Keywords: pediatrics, critical care, post-intensive care syndrome
Introduction
Mortality among children admitted to a pediatric intensive care unit (PICU) has decreased over time, leading many research programs to shift focus toward understanding and improving the long-term outcomes of PICU survivors. 1 The prevalence of post-PICU morbidity, often termed the post-intensive care syndrome (PICS), has not been precisely established in children due to variability in definitions, assessed time points, and patient characteristics, and published rates range from 3 to > 60%. 2 3 The study of post-PICU outcomes can be confounded by comorbidities that existed before PICU admission that may independently cause long-term morbidities, such as cancer and congenital heart disease. 4 5 In addition, heterogeneous PICU research cohorts may include children with an acute, primary brain injury (e.g., meningitis, traumatic brain injury) that causes morbidity independent of care provided in the PICU. 6 7 To identify modifiable PICU care practices that impact long-term morbidity, it may be advantageous to study previously healthy children with a prevalent, nonneurologic critical illness.

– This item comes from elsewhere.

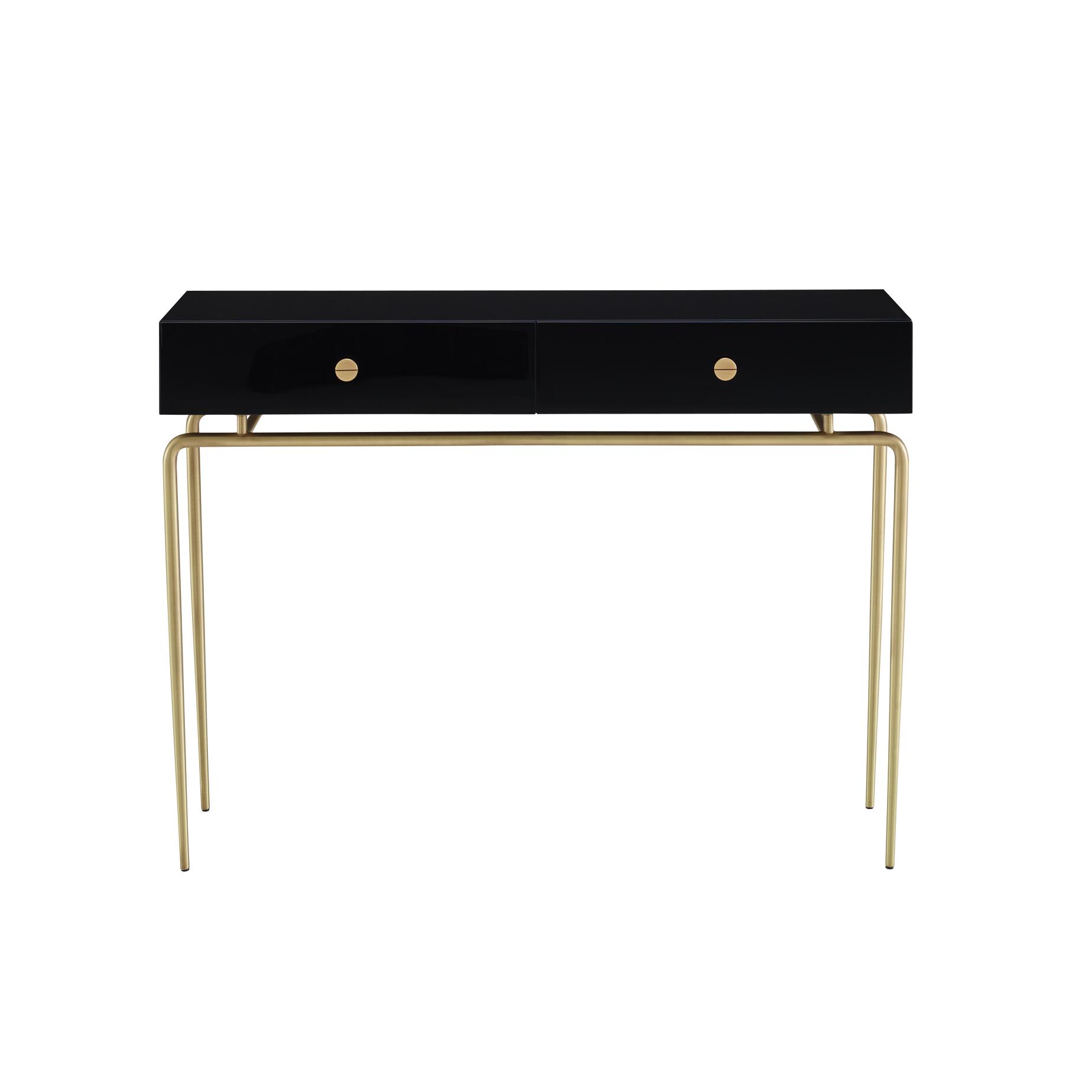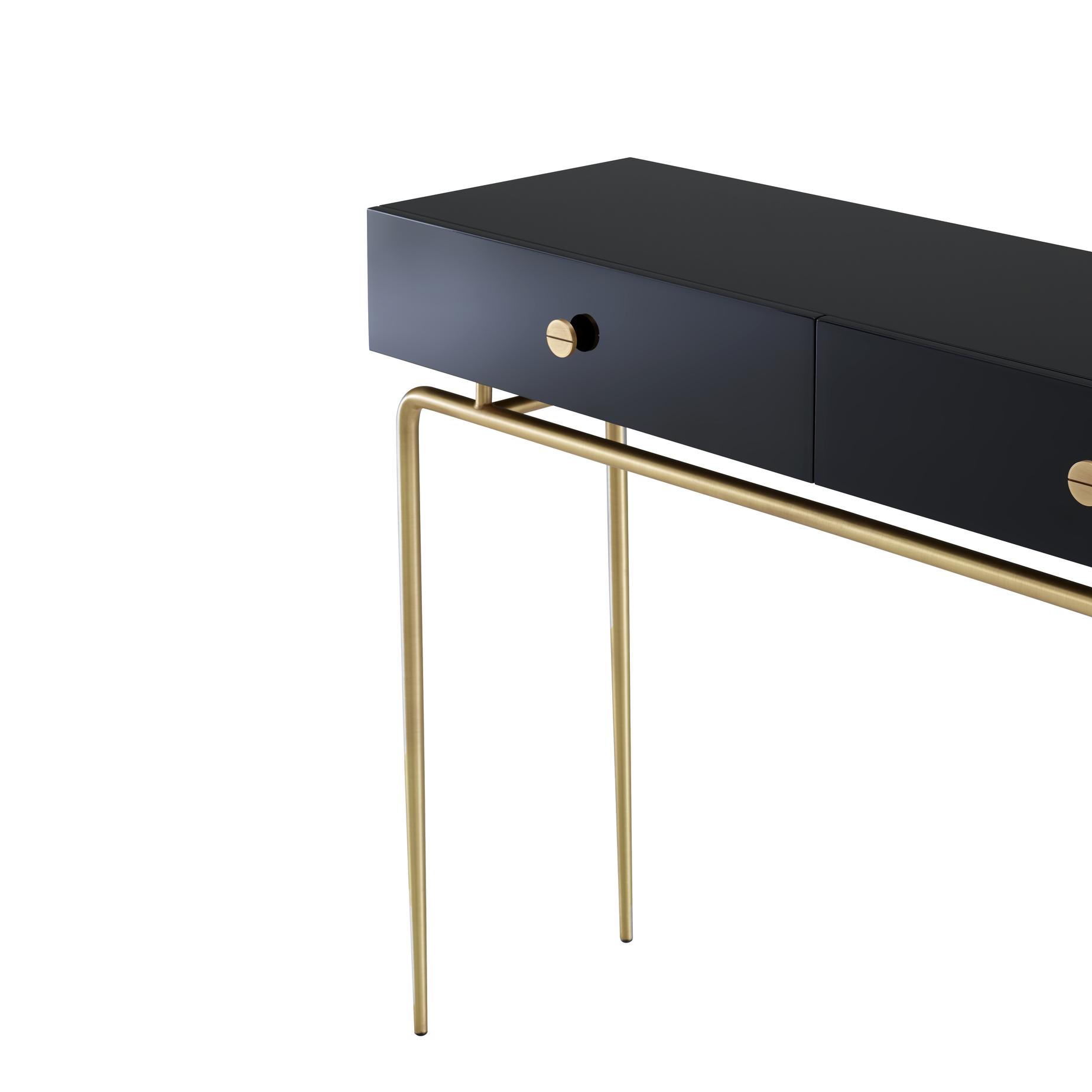 Funny little pieces, attractive and timeless, which will bring a quirky touch to a Haussmannian apartment, a contemporary home or a relaxed second home : this was what Michel Roset was counting on when he decided to put the Débourgeoisée bedside table and console into production. Base and handle(s) in matt brushed brass-coated steel. Chest of drawers in gloss black lacquered MDF. Drawer(s) on invisible runners, equipped with controlled closing.

Bronchiolitis is one of the most common indications for PICU admission, often affects generally healthy children, and is only infrequently associated with direct neurologic insults. 8 9 Children with critical bronchiolitis are often exposed to many purported risk factors of PICS during PICU care, including sedative medications, mechanical ventilation, bed rest/deconditioning, inflammation, hypercarbia, and hypoxemia. 10 11 12 We previously reported that approximately 15% of critical bronchiolitis patients have evidence of post-PICU morbidity using two multicenter, predominantly administrative databases. 13 However, that estimate relied on crude measures of morbidity such as receipt of rehabilitation services and performance of neuroimaging. In this study, we used more precise tools to assess the long-term outcomes of initially normally developing children who had survived critical bronchiolitis. The overall hypothesis of our research program is that a substantial number of survivors of critical bronchiolitis have unfavorable neurodevelopmental and functional outcomes that may be modifiable, and this descriptive study intends to better characterize their long-term outcomes.
Methods
With approval from the Institutional Review Board of University Hospitals of Cleveland, the parents of eligible children who were previously admitted to our PICU between January 2015 and April 2018 were contacted via postal mail. Inclusion criteria were (1) PICU admission at age < 2 years with a diagnosis of bronchiolitis and (2) age 18 to 36 months at the time of invitation to this study. Children who were already > 36 months at the onset of this study were excluded given the preferred ages to perform some of the tests used in this study. Additional exclusion criteria were (1) abnormal developmental status at the time of PICU admission and (2) any subsequent PICU admission after the index bronchiolitis admission. Both exclusion criteria were evaluated via review of the child's electronic medical record by the primary author (e.g., any mention of “developmental delay” or similar terms in the PICU “history and physical” physician note) and confirmed by questioning the parents before scheduling testing for this study.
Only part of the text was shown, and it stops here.